Information =
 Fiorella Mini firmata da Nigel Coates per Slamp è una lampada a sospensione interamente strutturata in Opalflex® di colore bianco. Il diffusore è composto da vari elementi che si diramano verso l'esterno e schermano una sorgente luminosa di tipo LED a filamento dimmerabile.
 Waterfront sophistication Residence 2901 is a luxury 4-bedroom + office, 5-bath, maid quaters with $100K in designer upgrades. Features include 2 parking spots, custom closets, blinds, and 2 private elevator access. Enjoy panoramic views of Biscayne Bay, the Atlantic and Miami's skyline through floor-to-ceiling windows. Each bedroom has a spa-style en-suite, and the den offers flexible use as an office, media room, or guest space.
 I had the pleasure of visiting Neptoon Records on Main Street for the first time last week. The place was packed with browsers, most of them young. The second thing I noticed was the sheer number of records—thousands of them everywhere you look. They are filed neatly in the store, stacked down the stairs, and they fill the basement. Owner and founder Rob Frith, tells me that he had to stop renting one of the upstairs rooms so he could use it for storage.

---

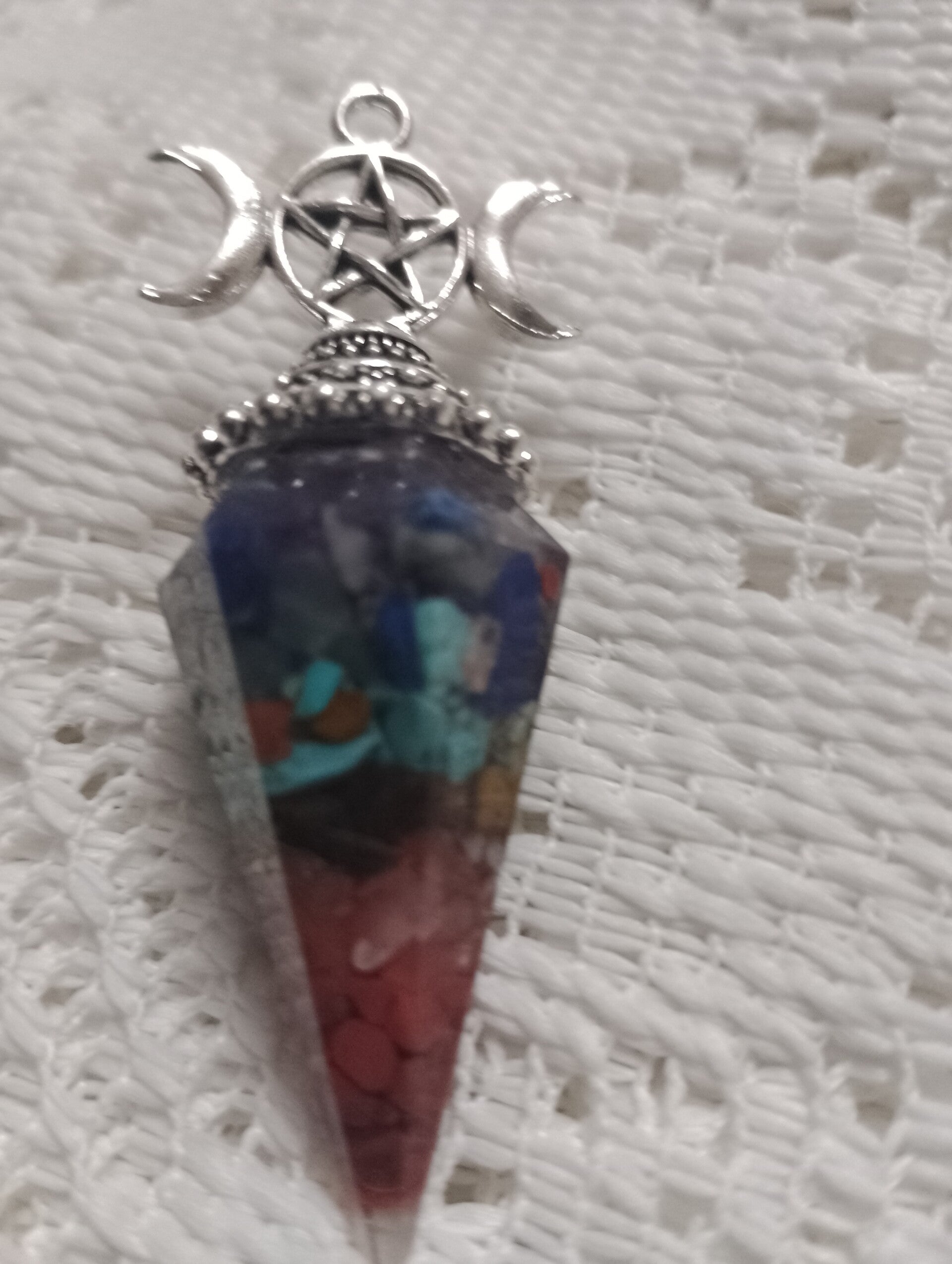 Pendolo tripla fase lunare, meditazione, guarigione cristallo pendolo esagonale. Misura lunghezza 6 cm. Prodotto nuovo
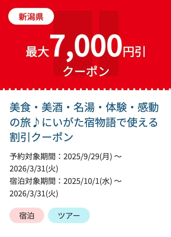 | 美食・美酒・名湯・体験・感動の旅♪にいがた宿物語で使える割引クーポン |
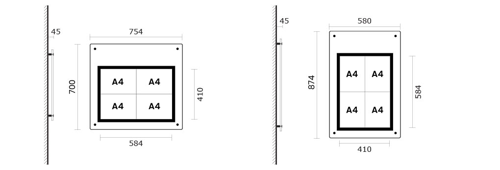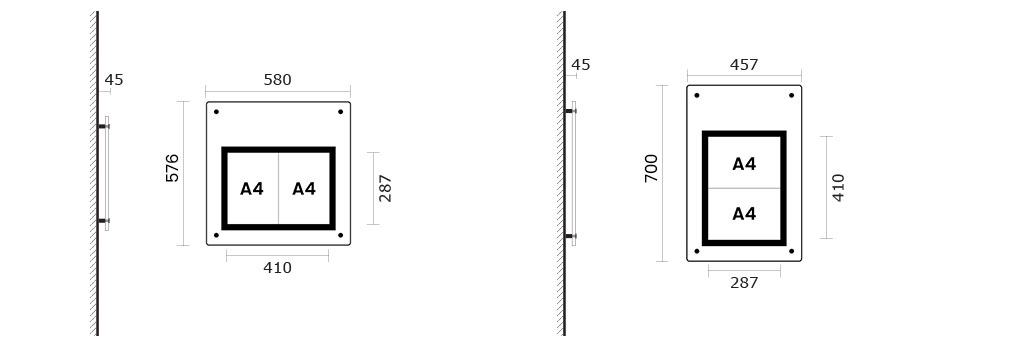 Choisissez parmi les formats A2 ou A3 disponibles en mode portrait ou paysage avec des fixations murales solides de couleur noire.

What is required = Of the lines above, output exactly those from the line bearing "Fiorella Mini firmata" through the line bearing "I had the pleasure", inclusive.

Answer section =
 Fiorella Mini firmata da Nigel Coates per Slamp è una lampada a sospensione interamente strutturata in Opalflex® di colore bianco. Il diffusore è composto da vari elementi che si diramano verso l'esterno e schermano una sorgente luminosa di tipo LED a filamento dimmerabile.
 Waterfront sophistication Residence 2901 is a luxury 4-bedroom + office, 5-bath, maid quaters with $100K in designer upgrades. Features include 2 parking spots, custom closets, blinds, and 2 private elevator access. Enjoy panoramic views of Biscayne Bay, the Atlantic and Miami's skyline through floor-to-ceiling windows. Each bedroom has a spa-style en-suite, and the den offers flexible use as an office, media room, or guest space.
 I had the pleasure of visiting Neptoon Records on Main Street for the first time last week. The place was packed with browsers, most of them young. The second thing I noticed was the sheer number of records—thousands of them everywhere you look. They are filed neatly in the store, stacked down the stairs, and they fill the basement. Owner and founder Rob Frith, tells me that he had to stop renting one of the upstairs rooms so he could use it for storage.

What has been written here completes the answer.